Targeting APE1/Ref-1 to alleviate formalin-induced pain and spinal neuro-inflammation in rats: a promising therapeutic approach.

BACKGROUND

Pain is a multifaceted condition intricately linked to inflammation, which plays a critical role in its onset and progression.

METHODS

To investigate the influence of APE1/Ref-1 on oxidative stress and inflammatory marker expression, we employed a hind paw sensitization model induced by formalin. We inhibited the redox function of APE1 using E3330 and assessed its effects on pain behavior. Mitochondrial morphology was examined via electron microscopy, and the impact on dopaminergic signaling alongside bioinformatics analyses to explore potential E3330 binding to dopamine receptors.

RESULTS

Administration of E3330 in formalin-induced rats resulted in improved pain thresholds, as evidenced by behavioral assessments. Notably, E3330 treatment maintained normal APE1/Ref-1 levels and promoted a more organized mitochondrial structure.
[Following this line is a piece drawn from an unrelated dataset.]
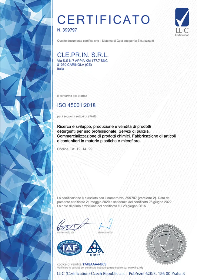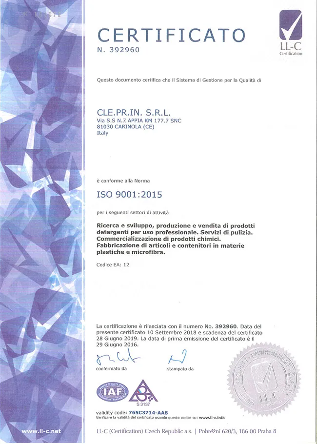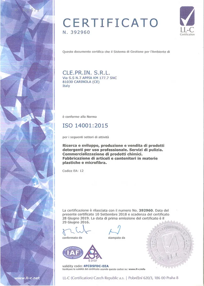 Certificazioni Sfoglia e consulta le nostre Certificazioni Cleprin si avvale da anni delle migliori certificazioni, per l‘ambiente, qualità e sicurezza. Ponendosi sul mercato come azienda leader del settore. Certificazione ISO 9001 Certificazione ISO 14001 Certificazione 45001 Certificazione B CORPORATION

Administration of E3330 correlated with increased dopamine levels, a decrease in the mRNA expression of dopamine receptors DRD1 and DRD5, and a restoration of DRD2 expression in the ipsilateral spinal cords. Moreover, E3330 administration significantly reduced the expression of key inflammatory mediators including inflammasome markers. Our bioinformatics analysis using Molecular Operating Environment software indicated that E3330 possibly interacts with critical active sites within specific dopamine receptor pocket as preliminary results.

CONCLUSION

These findings suggest that E3330 may modulate pain signaling pathways from the periphery to the spinal cord, offering a novel approach for the management of inflammatory pain conditions, potentially through the modulation of the dopaminergic signaling pathway. Further research is warranted to elucidate E3330's role in regulating central nervous system pain signal transmission, as it emerges as a promising therapeutic candidate in clinical contexts.